As the Women's World Cup 2019 wraps up this weekend, we'll look at the players statistics. The Fifa website provides information about players in a very standard layout. Each player page looks the same, except for different data. We need to think how we will find all the pages. We can start at the teams page. Next, just like when we browser the website ourself, we access each team's page, and then we can find a list of players. Once we visit each player's page, we need to store their statistics for our personal data analysis later on.

Fifa Women's World Cup 2019 France (www.fifa.com)

Women's World Cup 2019 website

Using Chrome DevTools to find the dataStep one, manually walk through the process you want

There are a few ways to open Chrome DevTools. The easiest is to right click on the page and select "Inspect". This opens DevTools, which sometimes starts off within the page. You can pop this out using the settings in the top right.

Chrome DevTools Dock Setting

Next, we want to find the underlying HTML, so use the Element Selector to click on a team. There are many different ways a webpage can handle a mouse click and send a user to the next page. We need to make sure we understand the format of this page.

Chrome DevTools Element Selector

Chrome DevTools Element Selector - Teams

Now we can see the format of the links (bottom of the image) within the page.
<a href="/womensworldcup/teams/team/1882883/"
Move onto the team page to see how player's pages are linked.

Chrome DevTools Element Selector - Players

<a href="/womensworldcup/players/player/298807/"

Finding the format of the links to follow should be straightforward like we saw. However, once we reach a page with the data we want, it can be more difficult to find a common pattern to extract the information.

To find how the data first got to the page, we should take a look at the network activity. We won't be going deep into all the web traffic or technical protocols.
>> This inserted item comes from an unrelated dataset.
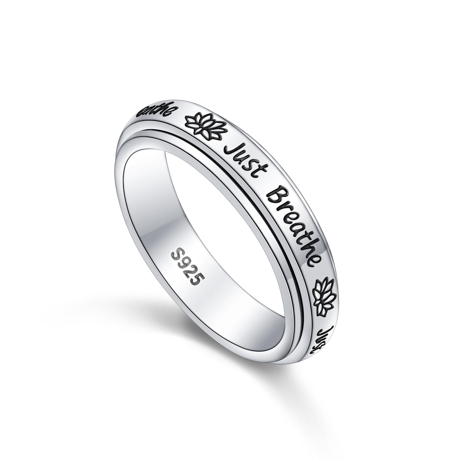 ❤DESIGN - SPINNER RINGS FOR ANXIETY: Spinner design with lotus flower and engraved ‘’Just Breathe", which will get you through stress and help you reduce anxiety to enhance your mood ❤MATERIAL - This sterling silver anxiety rings for women is made of real 925 sterling silver, engraved with
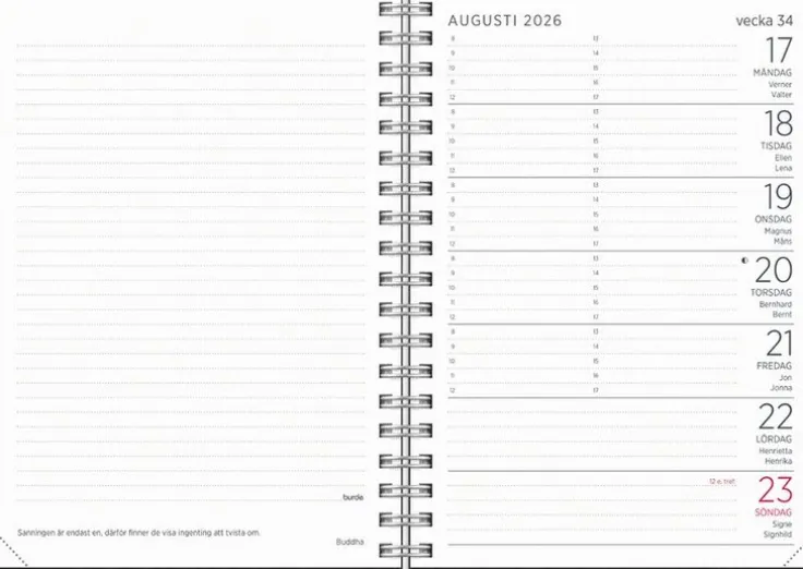 Kalender 2026 från Burde. Format: A6. Layout: Liggande. Vecka/uppslag. Timindelning 8-17. Kalendarium: 2025-12-08 – 2027-01-03. Omslag: Kartong. Spiralbunden. Innehåll: Kyrkliga helgdagar, flaggdagar, helgdagar/aftnar, månfaser, namnsdagar, internationella helgdagar översikt, temadagar/händelser, årsöversikt/årsöversikter, årsplan/årsplaner, inbundet telefonregister, linjerade vänstersidor. Antal sidor: 144. Miljöinformation: FSC®.

We are just hoping to find out if the data is available in any other format.

My first step is to change to the Network tab within DevTools (we have been working on the Elements tab) and visit (or refresh) a player's page. After a few seconds of loading, turn off recording network activity via the red recording icon in the top left. Sort by Type, and look to see if the data arrived directly within the webpage or if a separate request was made to fetch it (that we can also use!). For me, I'm looking at the names of the files for type "Document" and "xhr". If I see something interesting, clicking on it reveals a details panel where you can find the data your computer received.

Chrome DevTools Network Panel

Chrome DevTools Network Requests

Perfect! When we clicked on _player-profile-data we can see the response your computer received looks like the top part of the player's page. This is exactly like the data we are after. It will be easier to parse this subset than having to work with the entire page which could contain ads, videos, and tons of third party javascript. It looks like we have everything we need to start fetching and storing data.


"/womensworldcup/teams/team/1882883/"
"/womensworldcup/players/player/298807/"
"/womensworldcup/players/player/298807/_libraries/_player-profile-data"
"/womensworldcup/players/player/298807/_libraries/_player-statistics"
Automating web scraping with PythonFetch Webpages - Store HTML - Parse Values - Analyze Data!

It will be easier to understand the coding, now that we have manually walked through what we want to accomplish. Let's look at the different Python packages we will use:

  • requests - Making web requests for web pages
  • time - Allowing us to pause or sleep between requests to avoid fetching pages faster than when we normally browse the web.
  • re - Parsing the data will utilize a pattern matching language known as Regular Expressions. This topic could be complex, but we are keeping it simple for the first script.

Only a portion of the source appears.